Anyone have any useful tricks or tips for everyone to grt optimum performance out of their outboard pump.?

Whalestails??
Jet wings??
Stainless impellers?
Sharpening grates?
Homemade loader scoops??
Polished impellers??
Side fins on shoes??
Polishing inside of pump??

What have you tried? What helped? What was a waste of time?


----------



## Ranchero50 (Aug 18, 2013)

Foot wings: Made a huge difference at low speeds, high load and while turning. Allowed him to run trimmed out more before cavitating.


----------



## Canoeman (Aug 19, 2013)

Out of all of the above I use intake fins.. They help me with my setup with cavitation on hard turns, ive removed them and tried and there is a drastic difference.


----------



## RiverBottomOutdoors (Aug 19, 2013)

Electric trim seams to make a helluva difference.

Jonah


----------



## ramuh2121 (Aug 19, 2013)

[url=https://www.tinboats.net/forum/viewtopic.php?p=326574#p326574 said:


> RiverBottomOutdoors » 19 Aug 2013, 10:55[/url]"]Electric trim seams to make a helluva difference.
> 
> Jonah



+1 I don't have it and it's a PITA.


----------



## Lil' Blue Rude (Aug 19, 2013)

Get a polished sharpened stainless impeller, polish the pump, clean up the shoe, bevel leading edge of the liner and sharpen the grates or you can even get thinner ones. Biggest gains there is the stainless impeller and the polished pump. but a lot of little things add up.
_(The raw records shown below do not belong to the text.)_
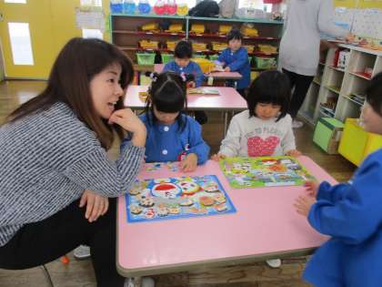 カードゲームを一緒にしたり、回すと渦になるコマを見せたりして、たくさんアピールしていましたね。いろいろなわらべうた遊びも楽しかったですね。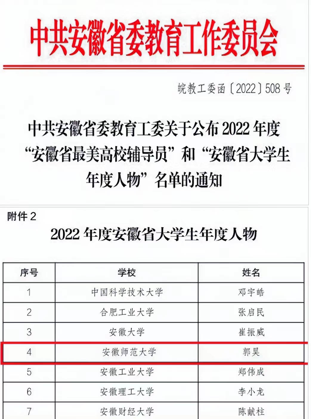 本网讯(文/张春燕)日前,中共安徽省委教育工委公布了2022年度“安徽省大学生年度人物”评选结果,学院2020级网络与新媒体专业本科生郭昊同学荣获2022年度 “安徽省大学生年度人物”荣誉称号。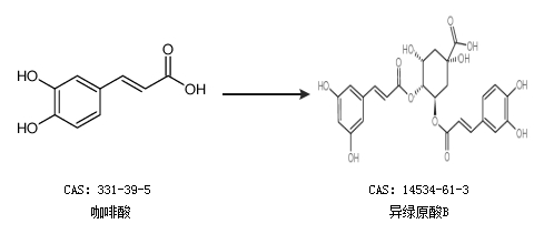 英文别名 IsochlorogenicacidB;ISOCHLOROGENIC ACID B(RG);3,4-Dicaffeoylquinic acid;(1S,3R,4R,5R)-3,4-bis{[(2E)-3-(3,4-dihydroxyphenyl)-1-oxoprop-2-en-1-yl]oxy}-1,5-dihydroxycyclohexanecarboxylic acid;Isochlorogenic acid B(3,4'');4,5-di-O-caffeoylquinic acid;4,5-di-O-trans-caffeoyl-D-quinic acid;4,5-di-O-trans-caffeoylquininc acid;Quinic acid 3,4-di-O-caffeate;3,4-Di-O-caffeoylquinic acid;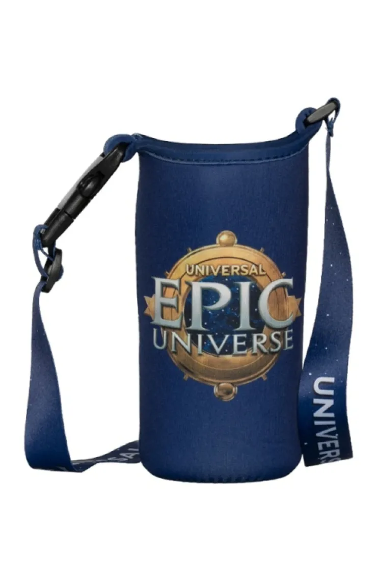 Epic Universe beverage holder in the color blue featuring the Epic Universe logo with adjustable strap.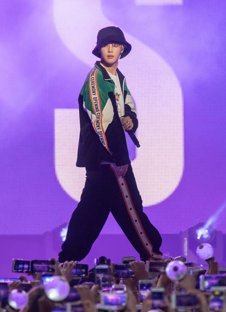 スーツやハイブランドを着こなすジミンもいいけれど、こんなストリートスタイルも見たくなる。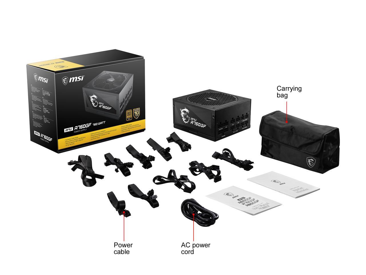 MSI MPG A750GF, 80 GOLD Full Modular Gaming PSU, Japanese Electrolytic capacitor, 750W ATX Power Supply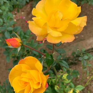 長居植物園バラ園 12/9 「ゴールドマリー’85 系統☞F」 ☞赤みのある濃い黄色の房咲き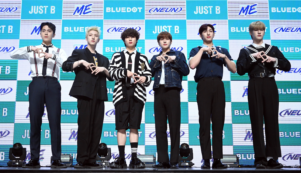 16일 오후 서울시 용산구 노들섬 라이브카페에서 그룹 저스트비(임지민, 이건우, 배인, JM, 전도염, 김상우)의세 번째 미니앨범 '= (NEUN)'(= (는)) 발매 기념 쇼케이스가 개최됐다.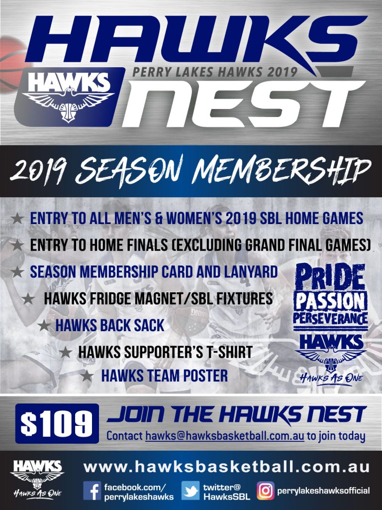 Get behind your Hawks and buy a season membership. See the 2017 WSBL and 2018 MSBL Champions battle it out at each home game during the 2019 season.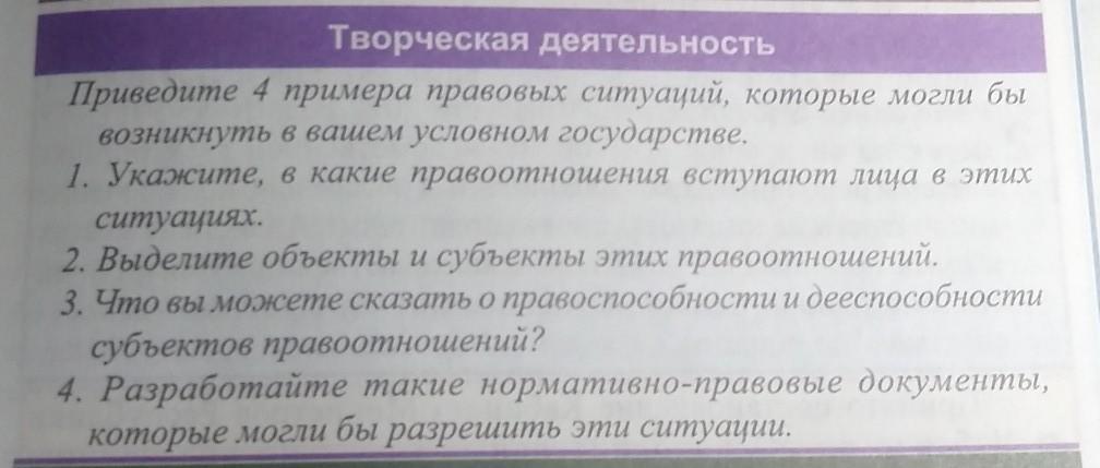 Приведите 4 примера правовых ситуаций, которые могли бы возникнуть в вашем условном государстве.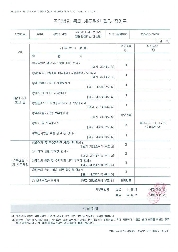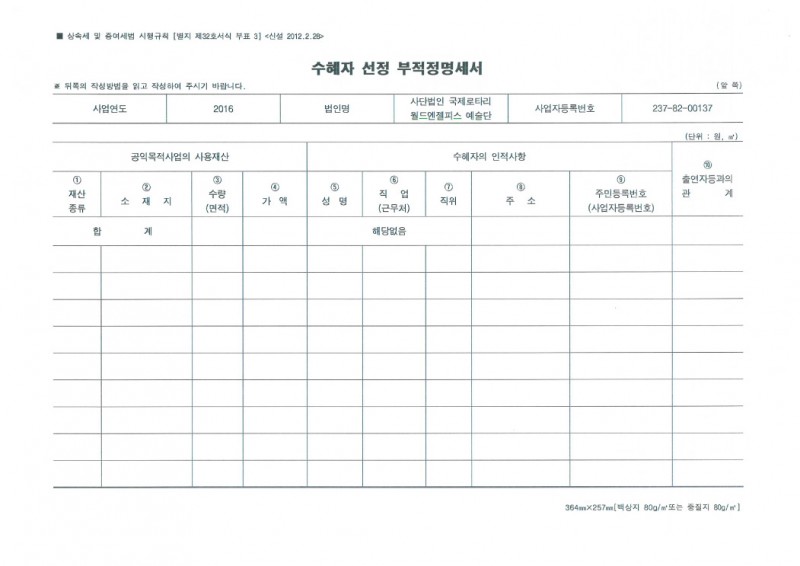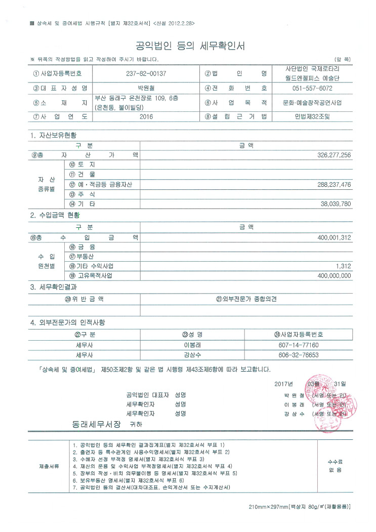 공익법인 세무확인서

Always figured fins would slow a boat down because of the extra drag... at least that been my thoughts.


----------



## Brian J (Aug 20, 2013)

Here's what I've done to our 1650AW Alumacraft with a 90/65 Yamaha and the difference I observed:

Four blade Stainless Impeller: Saw a HUGE difference in hole shot and running on plane at low speeds. Didn't see much on the top end. Would recommend these to anyone who isn't running them. 

Boyesen Fiber Reeds: Saw a difference at start up, cold idle and hole shot (rpms getting to WOT faster). Didn't see much on the top end. Also have peace of mind knowing that will be easier on my cylinder walls in case of failure than the metal ones.

Side fins: Had less cavitation; especially when turning sharp and running in choppy water. Didn't notice any effect on speed one way or the other. Side fins are not very durable. I have gone through about 6 pairs in 13 summers of running them. I have a jig made that I use to beat them back in shape when they get bent and I have to do that once or twice a summer depending on water levels and where I am fishing. 

Power trim: Definitely a must. Though our boat is relatively small, you can still the hull lift when I trim the engine up.


----------